On Wednesday, Director of National Intelligence Dennis Blair admitted that “government agencies may kill U.S. citizens abroad who are involved in terrorist activities if they are ‘taking action that threatens Americans,'” and that they “follow a set of defined policy and legal procedures” in doing so. “If that direct action, we think that direct action will involve killing an American, we get specific permission to do that,” Blair said.
Of course, the Constitution does not give government the authority to assassinate American citizens outside of a battlefield context based on simple suspicion that they’ve committed a crime — or worse, the mere belief that they are dangerous, as Glenn Greenwald has pointed out. The ACLU has released two scathing statements, one from Staff Attorney Ben Wizner:
It is alarming to hear that the Obama administration is asserting that the president can authorize the assassination of Americans abroad, even if they are far from any battlefield and may have never taken up arms against the U.S., but have only been deemed to constitute an unspecified ‘threat.’ This is the most recent consequence of a troublingly overbroad interpretation of Congress’s 2001 Authorization for the Use of Military Force.
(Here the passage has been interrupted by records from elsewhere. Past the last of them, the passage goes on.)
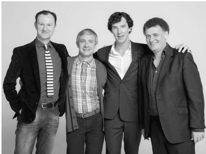
Марк Гатис, Мартин Фрийман, Бенедикт Къмбърбач и Стивън Мофат.

ставял като някой свален летец. Бил е опасен млад мъж, който сътворява истински съвременни дела в Лондон.“
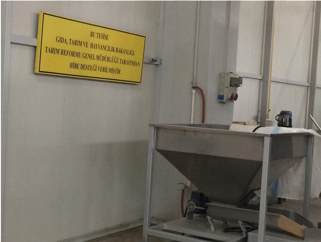
Resim 4.2. Kahramankazan Damla Gıda Şirketi desteği

Başvuruda 848.220,00 TL. Maliyet ile KDV hariç makinelerin fiyatının % 50 si olan 414.750,00 TL hibe ödemesinden faydalanmıştır.
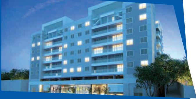
Residencial José Miguel Salomão (MG)
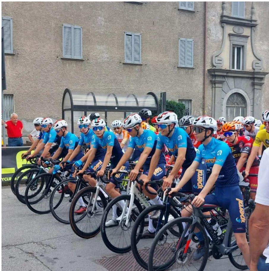
Partenza gara 2° Gran Premio Città di Morbegno
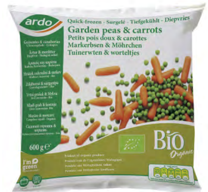
Petits pois doux & carottes - BIO Zoete erwten & wortelen - BIO 600 g - Pack 15 23 19 84
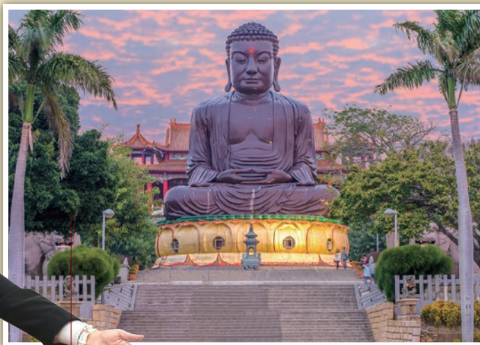
▲建縣300年的彰化，有著悠久的歷史底蘊，值得旅客一訪。

1. 建立休閒遊憩廊道：推動「烏溪水岸藍帶遊憩廊道」計畫，配合自行車廊道、週遭歷史文化特色、豐富河濱生態，打造低碳生態遊憩空間。同時，塑造彰化縣自然生態教育中心旁綠地空間及西北部沿海週邊據點，使民眾能來趟
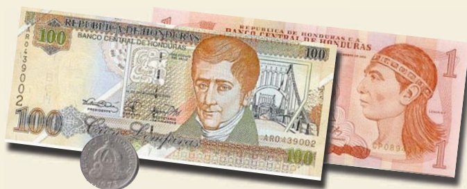
Billetes de 100 y 1 Lempiras (Moneda Nacional)
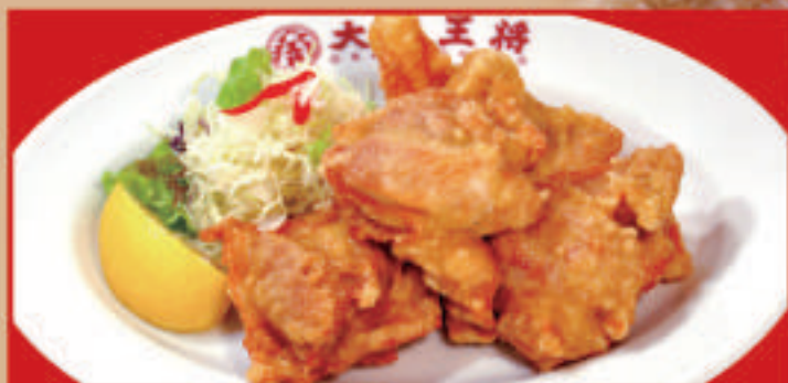
唐揚げ 5個 税込690円 唐揚げ(小) 税込430円
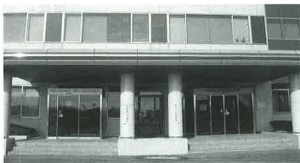
休日急病診療所等が設置されている保健医療センター

消費税法等の改正に伴い、平成26年4月1日から蒲郡市の使用料等にかかる消費税率(地方消費税分を含む)を100分の5から100分の8に引き上げます。対象となる使用料等は次のとおりです。 使用料関係は、使用期間が1か月未満の公共用物や
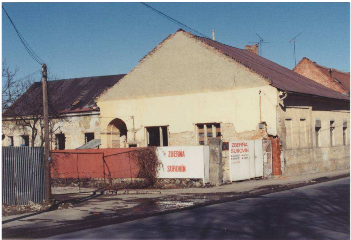
6. A Nagybég u.-i épülete a lebontás előtt
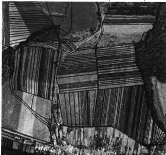
Príklad: stav pred pozemkovými úpravami
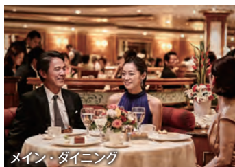
メイン・ダイニング
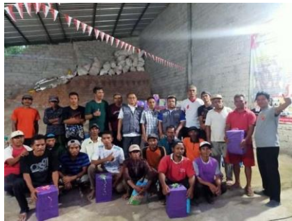
Gambar 7. Penguatan Kelompok Tukang

Dengan adanya kegiatan PKMS ini, maka keterampilan tukang bertambah baik secara kuantitas maupun kualitas. Pada periode sebelumnya para tukang dilatih untuk membuat beton bertulang bambu, pada saat ini tukang diberi tambahan keterampilan dengan menerapkan teknologi ferosemen.
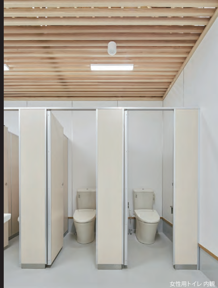
女性用トイレ 内観
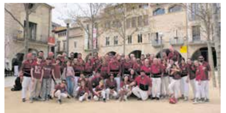
Els Castellans de Castellar a Banyoles, el passat 22 de març. || CEDIDA

Pel que fa a les activitats castelleres, el 18 d'abril els Capgirats organitzaran la segona edició de la iniciativa "Viuen els castells en família", un matí ple de jocs i tallers oberts a totes les famílies del poble. Tindrà lloc a partir de les 10.30 h a la plaça Calissó. + || REDACCIÓ
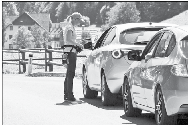
Občina Solčava s podjetjem Logarska dolina d. o. o., ki upravlja s krajinskim parkom, ni dosegla dogovora o porazdelitvi sredstev, ki se stekajo od pobranih vstopnin v Logarski dolini.

Svetniki so se s povedanim v večini strinjali, so pa izrazili bojazn, da bi izdelava upravljavskega načrta za proračun pomenila veliko finančno breme. Izdelava takega načrta je zahtevna in ima svojo ceno, je odgovorila županja. Z eno informativno ponudbo občina že razpolaga, bodo pa jih pridobili še več in nato izbrali

This sweeping interpretation envisions a war that knows no borders or definable time limits and targets an enemy that the government has refused to define in public. This policy is particularly troubling since it targets U.S. citizens, who retain their constitutional right to due process even when abroad.
And one from Legal Fellow Jonathan Manes:
The American people have a right to know more about a policy that grants the president the unilateral authority to approve the killing of U.S. citizens. It is essential that more information be made available about who can be targeted for killing, who makes these decisions and on the basis of how much evidence, and whether lethal force can be used if arrest or capture are possible or have not been attempted. … [This policy] appears to allow for the deliberate targeted killing of American citizens far away from any active hostilities, as long as the executive branch determines unilaterally that they meet a secret definition of who the enemy is.
It seems highly likely to me that this authority is probably based on advice from the Office of Legal Counsel, which is generally the first line of defense against unconstitutional overreach from the executive branch. During the Bush administration, it rubber-stamped all kinds of lawless behavior, including torture. Was this policy approved during the prior administration, or has nothing changed?
I just want to add one more thing for those inclined to dismiss this kind of unilateral power as insignificant because it’s aimed at “the bad guys.” The majority of the detainees currently at Guantanamo are being cleared for release — not trial, not further indefinite detention. More than 800 people have been held at Guantanamo, and even if the administration’s claimed 20 percent “recidivism” rate is accurate (it more than likely isn’t), the vast majority of those once deemed “the worst of the worst” were mistakes.
Republicans seem to have accepted in principle the unrestrained use of state violence against any target the executive branch unilaterally deems legitimate, and the left is beginning to acquiesce to a level of presidential power that under Bush they would have deemed a threat to the Republic. My fear is that, if the left is co-opted into believing in John Yoo‘s vision of an imperial presidency as presented by Barack Obama, there will be little public support for scrutinizing this kind of use of executive power. Most of us will simply accept this as the new normal.